Fulton’s no-tax-increase 2010 city budget is fueled, in part, by letting several tax agreements die.
Mayor Ron Woodward said the city will not renew its payment in lieu of taxes (PILOT) agreements with the developer of the River Glen Mall, with the company running four hydropower plants in the city, and on the former Sonoco plant.
That means that those properties will now be subject to county, city and school taxes. PILOT agreements are common economic development tools to give investors some certainty in the early years of major projects. Most PILOTs run for 10 or 15 years, but can be renewed.
The end of the PILOT agreements is projected to put about $200,000 into the 2010 city budget, Woodward said.
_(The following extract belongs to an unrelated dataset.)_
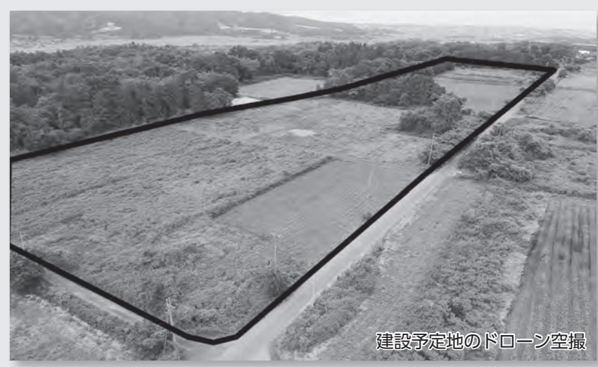
建設予定地のドローン空撮

ごみ処理施設建設検討委員会で審議・検討を重ね、令和5年12月から実施したパブリックコメントを経て、「新ごみ処理施設整備基本計画」を策定しました。 この計画は新ごみ処理施設整備の基本方針や施設規模、環境保全目標など、施設整備から運営にかけての方向性を示したものです。 今後は、施設整備に向けた基本設計に着手し、令和11年度中の焼却施設、令和14年度のリサイクル施設、それぞれの供用開始に向け取り組みを進めていきます。

The River Glen Mall is assessed at about $8 million, Woodward said. That will result in about $131,000 in taxes.
The city got nothing from the PILOT on River Glen Mall. At the time the shopping center was built, the city kept all of the sales tax generated within its borders. The mall property was annexed into the city after a long battle with the town of Volney. Sales tax revenue “was the bigger benefit,” Woodward said. In addition, the developer spent its own money to build water and sewer lines for the center.
The city has since given up its sales tax rights, the next-to-last non-county municipality to do so, in exchange for a guaranteed share of sales taxes collected by the county. (This sentence was changed from its original version; see comments below for details.)
Ending the PILOT on the hydropower plants will bring in about $57,000 on an assessment of between $3.5 and $4 million, Woodward said.